PROBLEM DETAILS: In the entries below, find the line with "当使用飞桨遇到报错提示时,定" and the line with "А в базе — куча"; copy them and every line between them exactly, but not the pictures.

SOURCE INFORMATION:
= Beginning of Section =

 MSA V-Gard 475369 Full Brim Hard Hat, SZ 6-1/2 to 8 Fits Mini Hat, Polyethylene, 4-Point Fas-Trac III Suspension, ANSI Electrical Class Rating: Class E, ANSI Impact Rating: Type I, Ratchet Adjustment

= End of Section =
= Beginning of Section =

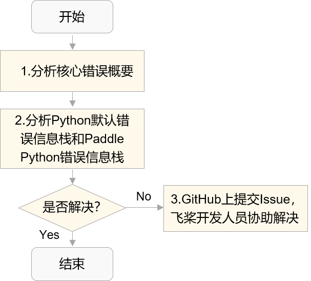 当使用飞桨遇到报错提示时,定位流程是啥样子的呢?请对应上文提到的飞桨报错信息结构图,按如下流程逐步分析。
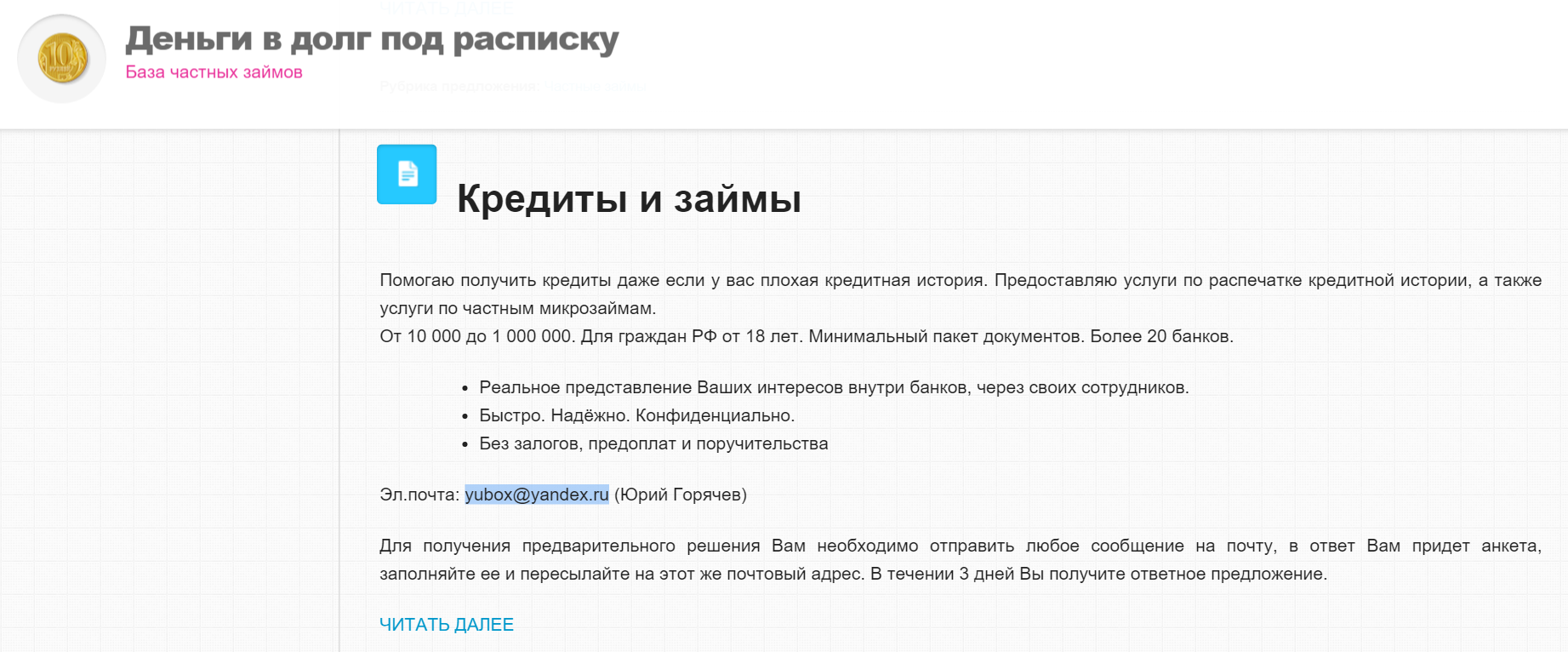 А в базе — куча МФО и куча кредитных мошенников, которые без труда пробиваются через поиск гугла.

= End of Section =

YOUR SOLUTION:
 当使用飞桨遇到报错提示时,定位流程是啥样子的呢?请对应上文提到的飞桨报错信息结构图,按如下流程逐步分析。
 А в базе — куча МФО и куча кредитных мошенников, которые без труда пробиваются через поиск гугла.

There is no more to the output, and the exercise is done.